Features of the currency pair GBP/USD
The currency pair GBP/USD (Great Britain Pound) is one of the most traded and popular currency pairs on the Forex market. GBP stands for Great Britain Pound. The pound is the official currency of Great Britain and is the oldest currency that is still freely used in cash transactions and large financial transactions.
The GBP/USD pair attracts traders because it has high volatility (sharp and robust movements). Therefore, it is not surprising why piping is so popular when trading this pair. Most traders agree that this pair repeats the actions of EUR/USD. There is some truth in this statement, but it often happens that the pair's movements are fundamentally different. So be very careful with this pair.
To begin with, we need to know the basic parameters of the currency pair. So, the characteristics of GBP/USD are as follows:
- Maximum activity is observed during the European and American sessions;
- The minimum activity is observed during the Asian session;
- High volatility, the currency pair is characterized by jumps of 120 pips;
- Inverse correlation with the euro/pound pair.
There is also a correlation with USD/CAD. As a rule, when the pound rises against the dollar, USD/CAD falls. In this case, there is an inverse correlation, but it is not always visible.
Dependence on political and economic developments
GBP/USD changes under the pressure of various political and economic factors.
Therefore, a trader needs to keep track of all the latest news to get a rough idea of where and how the exchange rate of the asset will move.
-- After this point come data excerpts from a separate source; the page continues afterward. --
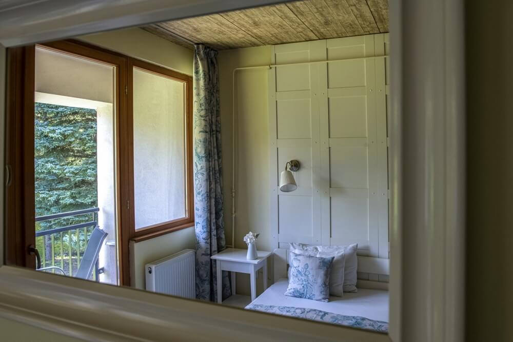 Az ágy támlájában beépített olvasólámpák teszik még hangulatosabbá az estéket. Földszinti szobák kertkapcsolattal, erdei kilátással rendelkeznek, a zuhanyzó mérete 70x70 cm, míg az emeleti szobák erkéllyel kapcsolódnak a természethez. A szobák pótágyazhatók, maximum 3 fő számára foglalhatók. Élvezzék a pihenést az ország egyik letisztább levegőjű településén!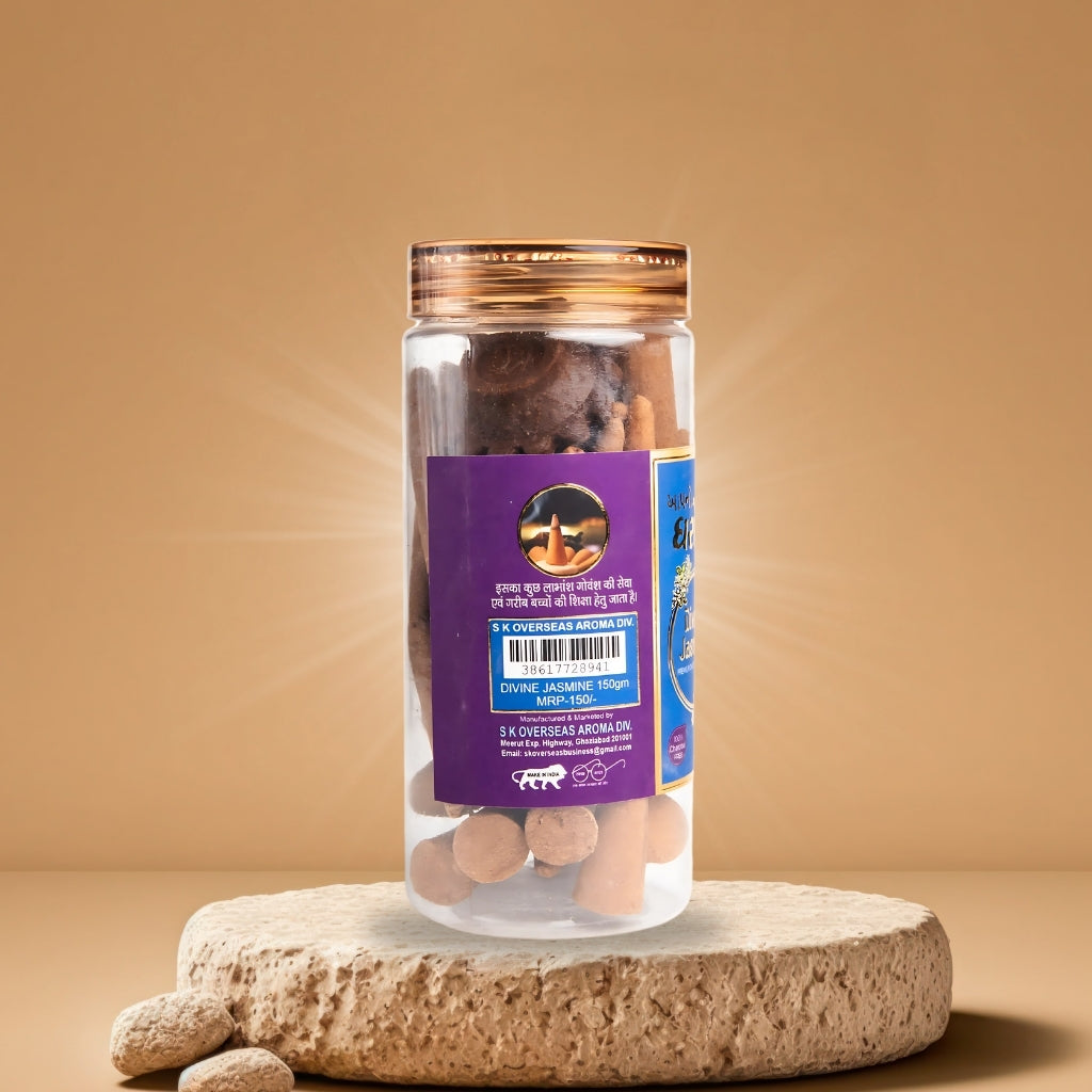 Each cone is hand-rolled with care, ensuring a slow and even burn that releases a divine jasmine aroma. The pure, floral fragrance lingers long after use, creating an atmosphere of devotion, peace, and positivity.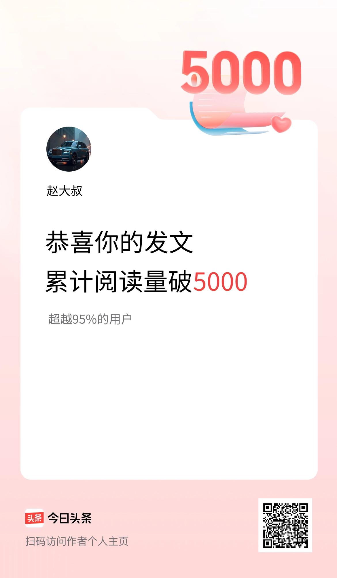 🤝我在头条累计获得阅读量破5000啦!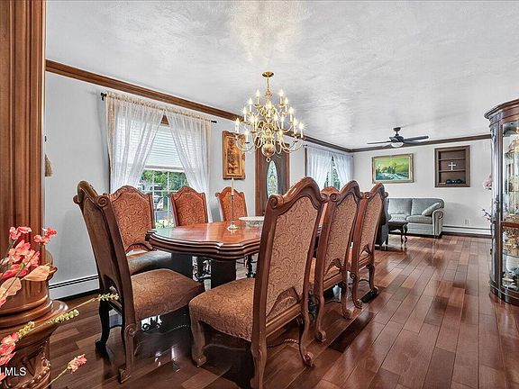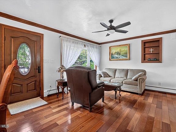 Meticulously maintained split ranch on a beautifully landscaped corner lot! This home features so many updates and upgrades- brazilian cherry hardwood floors, quartz countertops, stainless steel appliances, and ceiling-height cherry oak cabinets. Offering 3 bedrooms and 2.5 baths, the spacious primary suite boasts vaulted ceilings, skylights, a spacious walk-in closet, and a tiled en suite bathroom. The partially finished basement includes a wet bar, workshop, and half bath/laundry area. Also revel in and enjoy the museum-like 2-car garage with epoxy floors, built-in storage, and a pro like car wash station (negotiable in sale). Ideally located near highways, shops, and restaurants in a peaceful neighborhood setting. Make sure to book your private showing today- this home won't last long!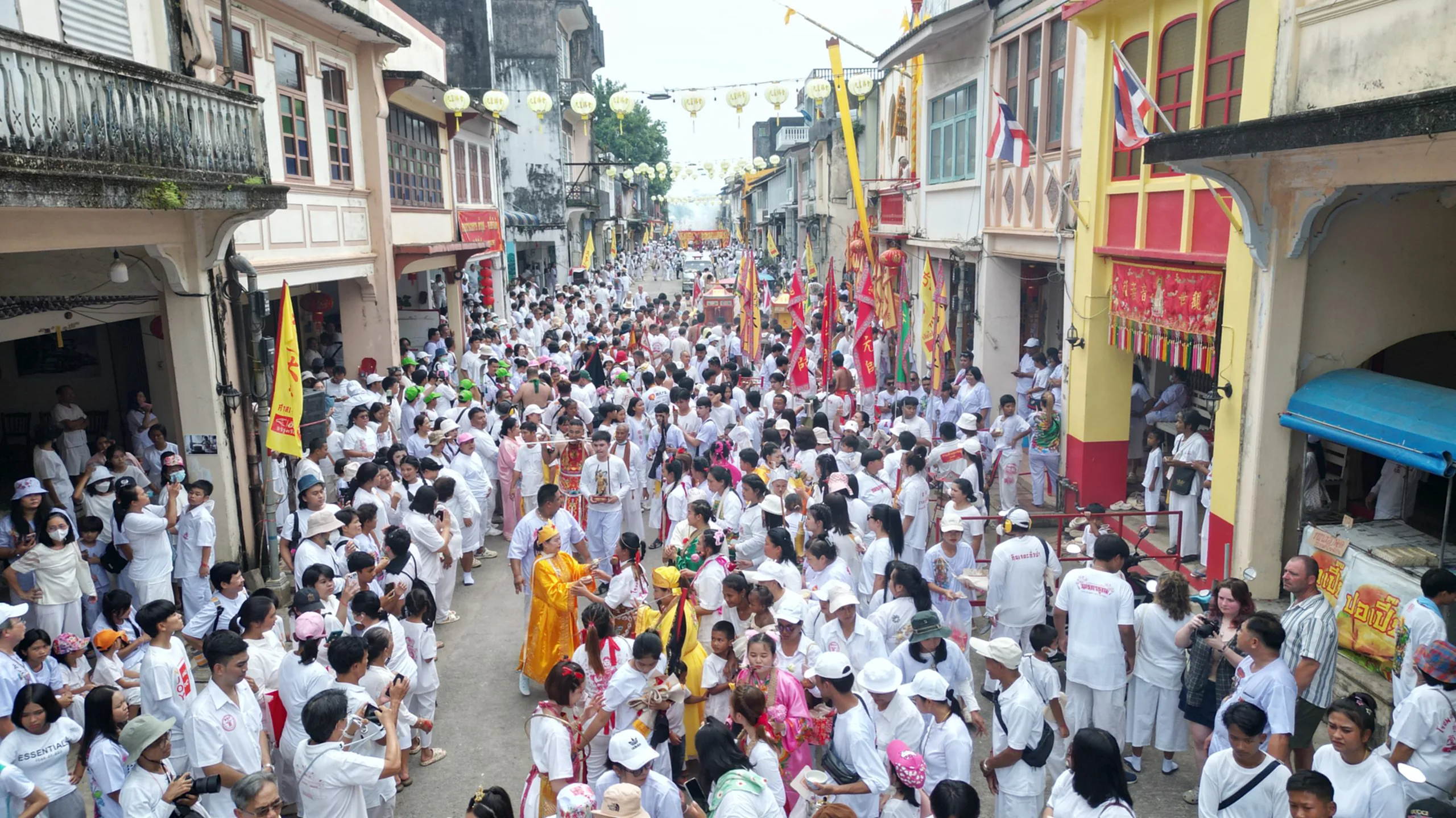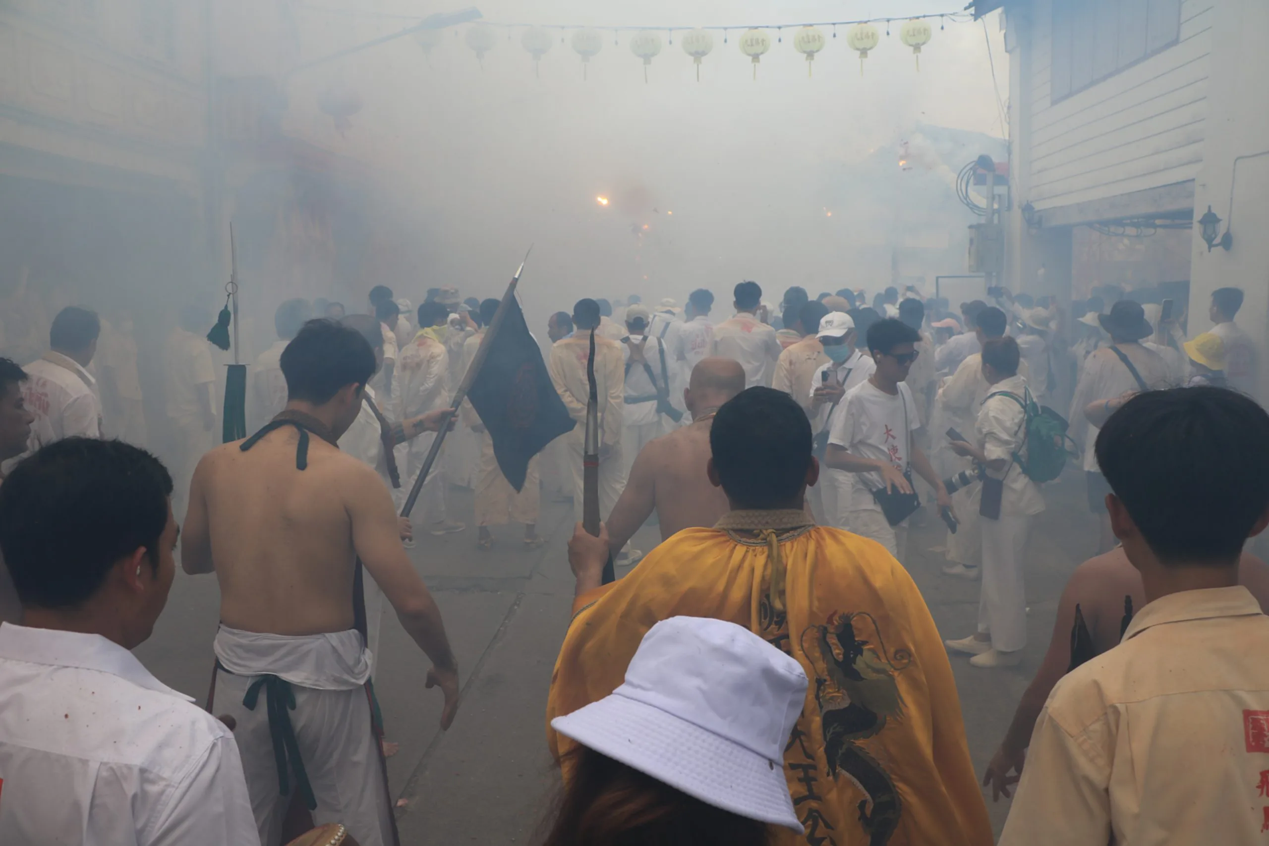ขบวนแห่ยังมีเหล่าม้าทรงทั้งชายและหญิงหลายร้อยคน แสดงอิทธิฤทธิ์ด้วยการทิ่มแทงร่างกายเพื่อรับเคราะห์แทนประชาชน ตามความเชื่อดั้งเดิมของชาวจีนโพ้นทะเล โดยตลอดเส้นทางแห่มีเสียงประทัดดังกึกก้องไปทั่วเมือง ไฮไลต์สำคัญอยู่บริเวณหน้าศาลเจ้าพ่อกวนอูและศาลเจ้ากู่ไช่ตึ๋ง ซึ่งเป็นจุดที่ผู้คนรอชมแน่นขนัด เสียงประทัดดังต่อเนื่องราวกับสมรภูมิสงครามกว่า 2 ชั่วโมง คาดว่าปีนี้มีการจุดประทัดรวมมากกว่า 5 ล้านนัด พื้นถนนที่ขบวนพระผ่านกลายเป็นพรมสีแดงจากเศษประทัด สื่อถึงความเป็นสิริมงคลและโชคลาภตลอดปี

In addition, the currency pair is influenced by factors such as:
- The interest rate at the leading English bank;
- Consumer/manufacturer price index (inflation in general);
- The GDP (Gross Domestic Product or the market value of services and goods) in the US and England.
These are just three factors that influence the Pound / USD exchange rate. You should watch the news on the economic calendar covering the UK and the USA and Canada and the Eurozone.
Political events can also have a substantial impact on asset values.
GBP/USD is probably the most 'malleable' pair, reacting to the slightest changes in the territories of specific countries. That is the main feature of the pound/dollar pair, which every trader should consider.
Remember to have a proven trading system to trade GBP/USD successfully.
How to start trade GBP/USD?
If you desire to start trading the currency pair GBP/USD, choose the platform on which you will make future trades. The platform must be reliable and fast. To begin trading, register on the website by providing the required personal information. This is so that you can be identified.
A demo account
Many trading platforms offer the opportunity to open a demo account initially. For example, many Forex trading platforms provide you with an initial demo account, so you can start trading without any losses. You will be able to try out different strategies and see their effectiveness.
A real account
If you feel confident and want to trade for real, you have to open a real account with a minimum deposit.
Trading is an incredible journey into a new world, a way of life that will help you become successful. Try it and earn. Everything will work out for you!